The limitations of the Superscalar processor are prominent as the difficulty of scheduling instruction becomes complex. The intrinsic parallelism in the instruction stream, complexity, cost, and the branch instruction issue get resolved by a higher instruction set architecture called the **Very Long Instruction Word** (**VLIW**) or **VLIW Machines**. VLIW uses <u>Instruction Level Parallelism</u>, i.e. it has programs to control the parallel execution of the instructions.

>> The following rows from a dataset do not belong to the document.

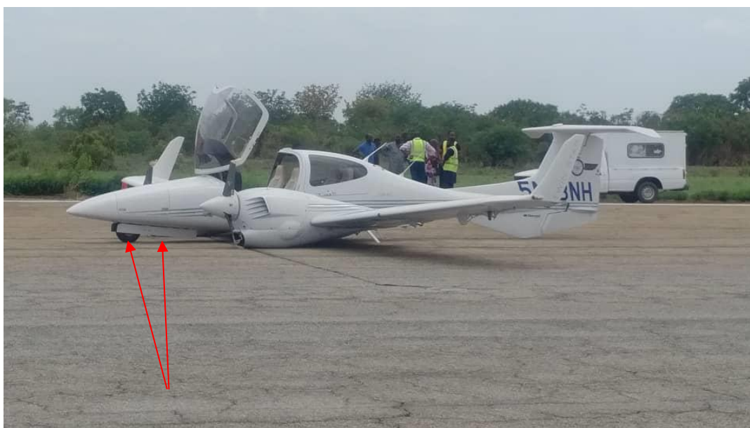
Figure 5: The nose-wheel door opened and tyre protruding
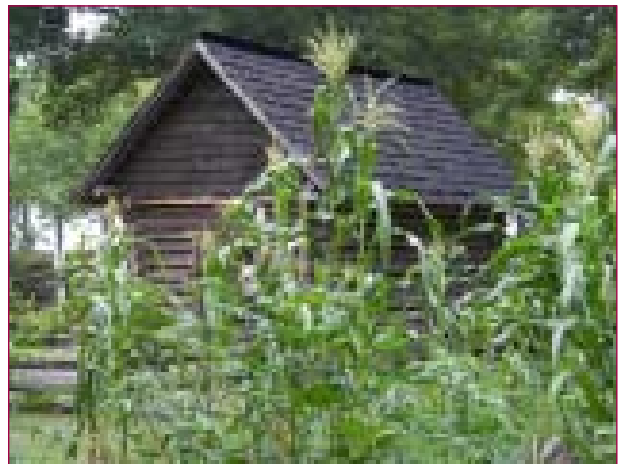
Corn growing on the farm at the Yorktown Victory Center

In addition to growing a primary cash crop, farmers also grew a variety of other things. Virginia farmers raised vegetables like corn, beans, peas, carrots, and cabbage to eat. Corn was an important crop because it provided food for humans – eaten fresh or ground into corn meal flour – and food for farm animals; and the husks could be used for fodder, to make mats, or to stuff into mattresses. Farm women also raised a variety of herbs such as parsley, rosemary, lavender, chamomile, and spearmint to season food and for medicinal purposes.
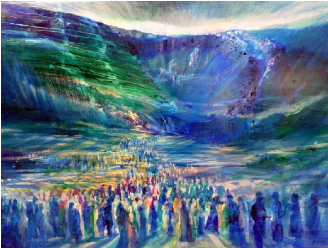
“Crossing the Red Sea” by Israeli artist Yorem Raanan
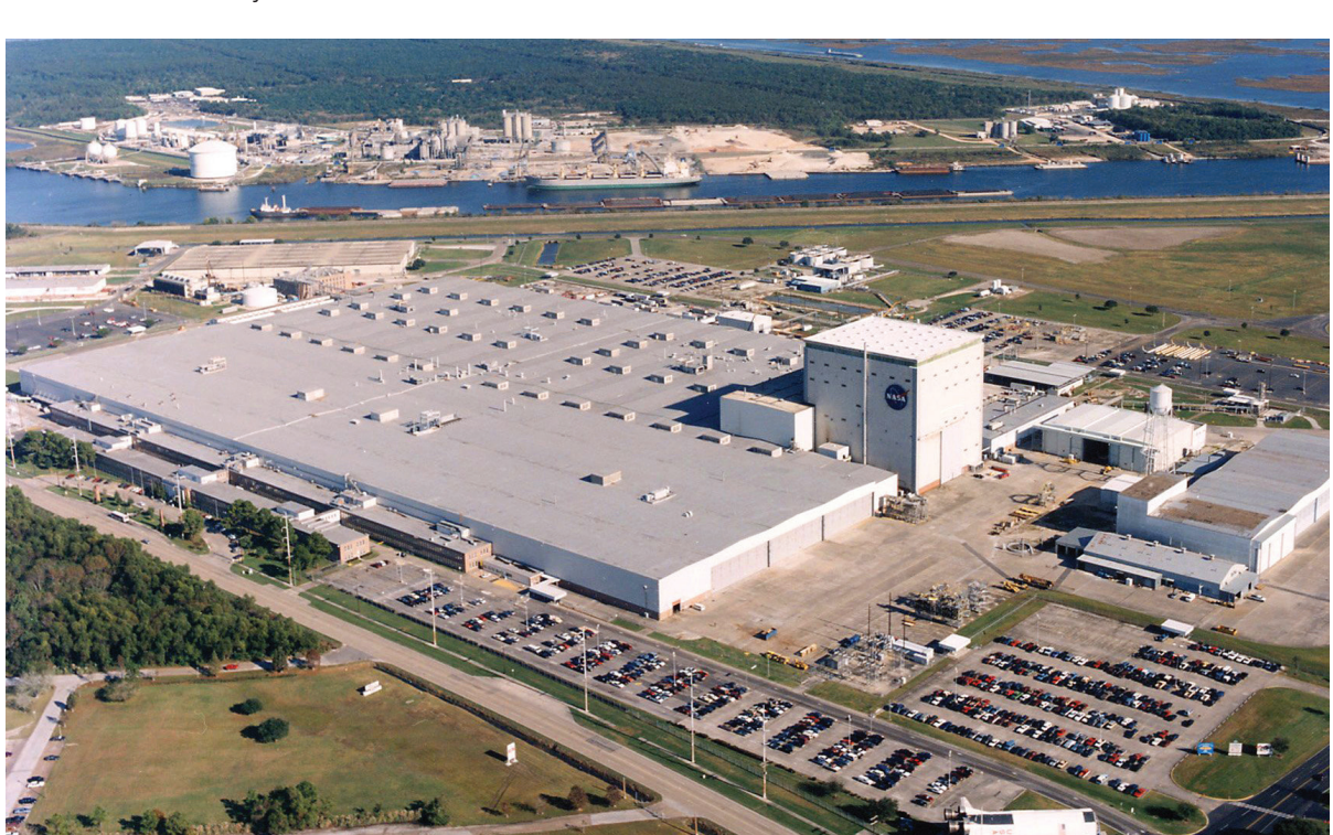
An aerial view of the main building at Michoud Assembly Facility, which features more than 43 acres of advanced manufacturing under one roof and convenient interstate, railway and port access.

Using state-of-the-art manufacturing and welding equipment — including a friction-stir-welding tool that is the largest of its kind in the world — technicians at Michoud manufactured the core stage's major structures, which are being outfitted with avionics, thermal protection systems and other internal hardware.
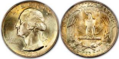
A 1932-P Washington Quarter graded MS-67 by PCGS
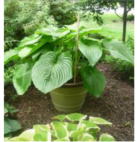
H. 'Empress Wu' , donated by Jeff and Kelly Hall, measured over 32 inches tall. It was too large to transport to the auction site!
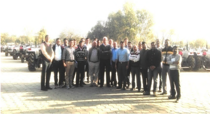
In-house training for a listed farming equipment manufacturing company
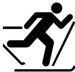
cross country skiing
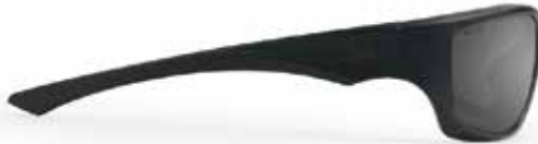
SKUS & Lens Options
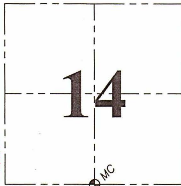
⊕ = CORNER LOCATION
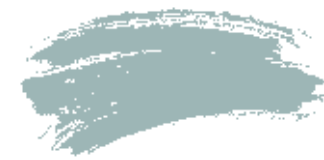
Lulworth Blue, £45 for 2.5l Estate Emulsion, Farrow & Ball

TOP ROW FAR LEFT The big blue Infinite shades of blue from the ocean never cease to inspire and entice. It is a colour that is eminently usable and works well in all sorts of patterns. This collection of papers has a gently textured quality. Selection of wallpapers, from £155 a roll, Thibaut
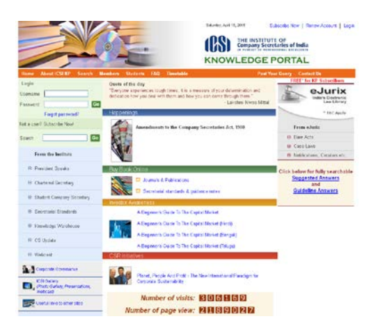
Fig. 3. ICSI - Knowledge Portal

Next presented KP is ICSI Knowledge Portal (ICSI-KP) "a capacity building initiative of the Institute of Company Secretaries of India (ICSI) for its members and students is a reservoir of knowledge enabling the users access to huge pool of information including Bare Acts, case laws, notifications and circulars issued by Government and regulatory authorities from time to time" – description available from eJurix on the ICSI KP home page Fig. 3 [23].
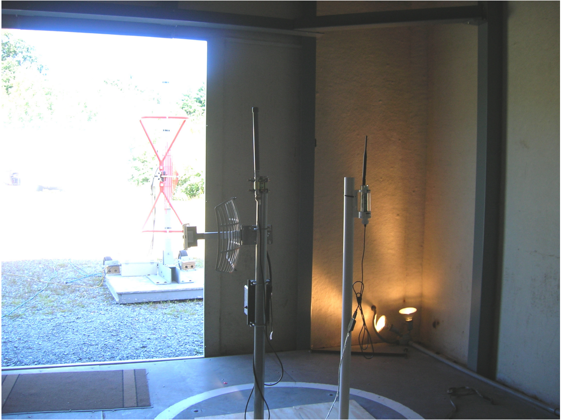
Repeater and Receiver
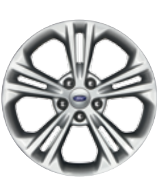
18" Sparkle Silver-Painted Aluminum Standard: SE and SEL
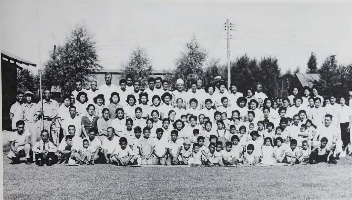
Residents of Block 28
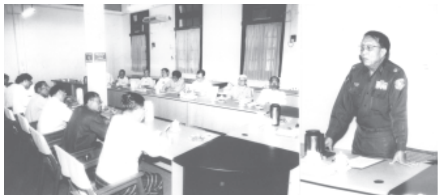
Deputy Minister Brig-Gen Aung Thein gives a speech at the meeting of Pakokku U Ohn Pe Literary Awards Trust Fund Supervisory Committee.
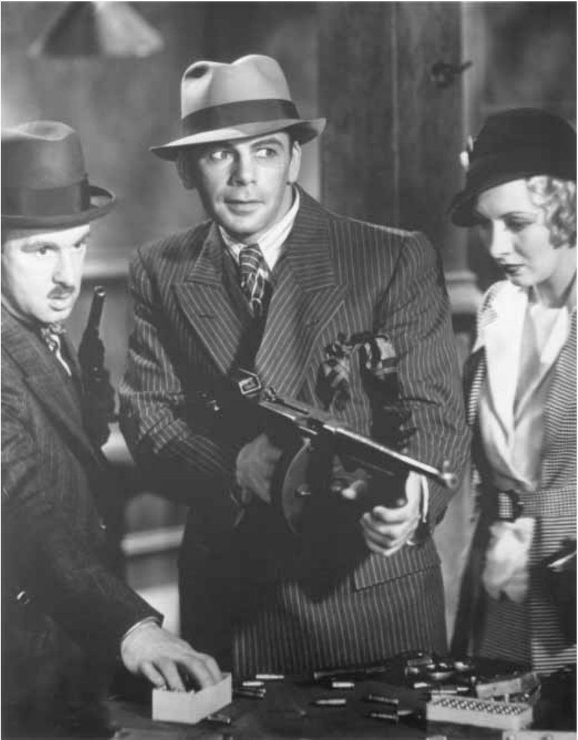
4. Scarface (1932): The Depression-era audience's ambivalence toward an upwardly mobile fantasy. (Vince Barnett, Paul Muni, Karen Morley)

face , the most violent of the new movies, was delayed for over a year while producer Howard Hughes dickered with the Motion Picture Producers and Distributors of America's Production Code Office (or Hays Office, as it was popularly called for its first leader, former Postmaster General Will Hays) over the film's bloodletting and overtones of incest.

In other architectures, the performance of the processor is improved by using either of the following methods: pipelining (break the instruction into subparts), superscalar processor (independently execute the instructions in different parts of the processor), out-of-order-execution (execute orders differently to the program) but each of these methods add to the complexity of the hardware very much. VLIW

Architecture deals with it by depending on the compiler. The programs decide the parallel flow of the instructions and to resolve conflicts. This increases compiler complexity but decreases hardware complexity by a lot.

#### **Features:**

- The processors in this architecture have multiple functional units, fetch from the Instruction cache that have the Very Long Instruction Word.
- Multiple independent operations are grouped together in a single VLIW Instruction. They are initialized in the same clock cycle.
- Each operation is assigned an independent functional unit.
- All the functional units share a common register file.
- Instruction words are typically of the length 64-1024 bits depending on the number of execution unit and the code length required to control each unit.
- Instruction scheduling and parallel dispatch of the word is done statically by the compiler.
- The compiler checks for dependencies before scheduling parallel execution of the instructions.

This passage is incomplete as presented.